On a long walk beneath the elevated highway abutting the Jialing River, one will naturally encounter people settled in varying degrees of formality, with a particularly sharp contrast between the different worlds above and beneath it. Above is the world of ultra-lux highrises with million-kuai views surrounded by cranes and the accompanying rubble of rapid construction.
Beneath the highway, a contextually adjusted version of prosperity hinges upon something as seemingly trivial as access to water that comes out of a PVC pipe off of the road above.
Those who dwell beneath this particular stretch of elevated highway have developed a few methods for off-grid subsistence. For example, water that drips through the cracks in the concrete overhead or flows from plastic drainpipes overhead is collected in buckets and used for drinking, homemade fertilizer production (brewed in a repurposed bathtub, in this case), and irrigating small gardens. The often lush and orderly rows of the vegetable patches beneath the highway stand in contrast to the jumbled nature of the nearby residences which are formed primarily from scavenged construction materials and wedged amidst piles of rubble.

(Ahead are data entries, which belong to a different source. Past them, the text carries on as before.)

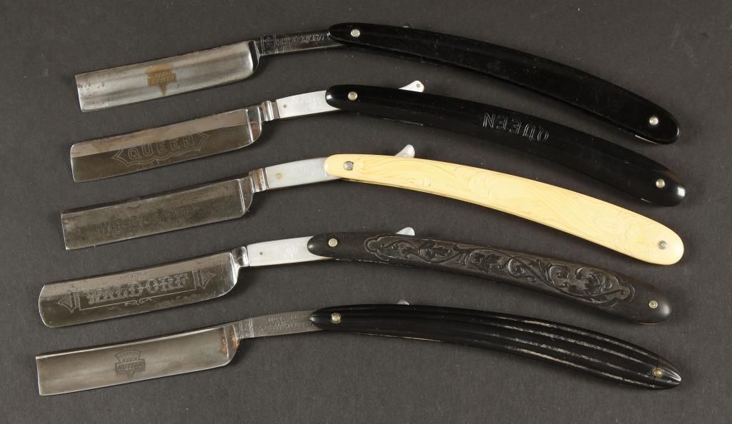 (1) Keen Cutter No. K1150 with black handle. (1) H. Boker, blade etched Waldorf, black handle carved with floral design. (1) W.R Case & Son's, handle carved with figure of woman's face. (1) Henry Sears #1256, blade etched "Queen". (1) Keen Kutter #88.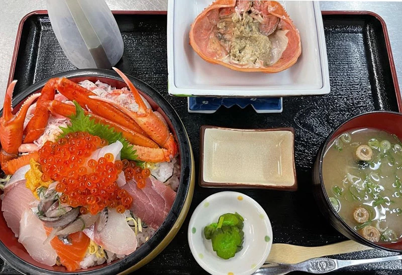 享保8(1723)年創業の老舗の料理宿が「鳥取の海の幸をもっと堪能してほしい」と2021年7月に開いた“鳥取どんぶり”店です。目の前に広がる賀露港をはじめ、山陰の港で水揚げされる活きのいい魚介類を厳選。カニはもちろん、イカ、甘エビといった海鮮をリーズナブルな価格でいただくことができます。おすすめは、甘エビと紅ズワイガニが丼一面に敷き詰められた「カニ甘エビ丼」。見た目にも鮮やかで、おなかも心も贅沢に満たされます。海岸も近いので、食後に散策を楽しんでみては?
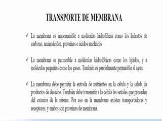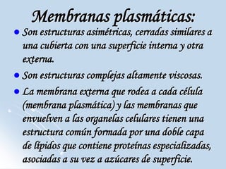 La membrana plasmática es una estructura asimétrica y compleja formada por una doble capa de lípidos, proteínas y glúcidos. Sirve como barrera selectiva entre el interior y exterior de la célula y de los orgánulos, permitiendo el transporte de sustancias. Realiza funciones como el transporte, reconocimiento, transducción de señales y proporciona sitios para enzimas a través de su modelo de mosaico fluido.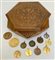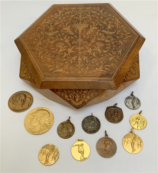 Scatola portagioie di forma polilobale in legno intarsiato a ramages, contenente alcune medaglie di soggetto vario (difetti)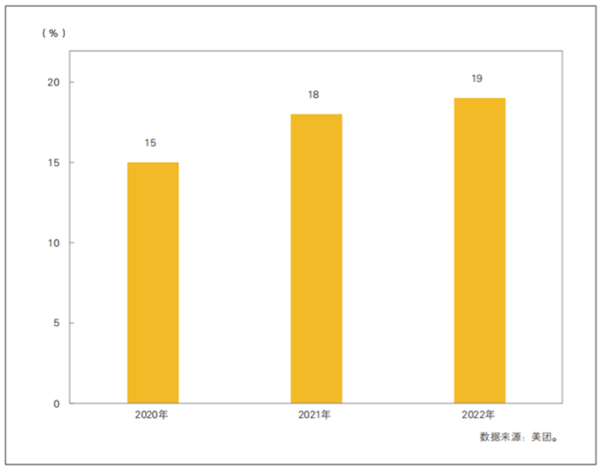 近年来,中国餐饮连锁化成为大势所趋,标志着餐饮企业迈入高质量发展新阶段。如图1-3所示,2022年中国餐饮连锁化率达到19%。

Judging by the clustering of water vessels both around the highway’s few formal drainage pipes and the bases of the support columns upon which rivulets tended to form, there seems to be a potential argument for the design of more formal water outlets into the highway – that is, assuming that urban gardening on unused land is something Chongqing’s city planners desire to promote (perhaps assuming too much). Framing this as the optimal deployment/recycling of resources, does it count as an element of a “smart city” if it is “accidentally smart”? It worked for penicillin, I suppose.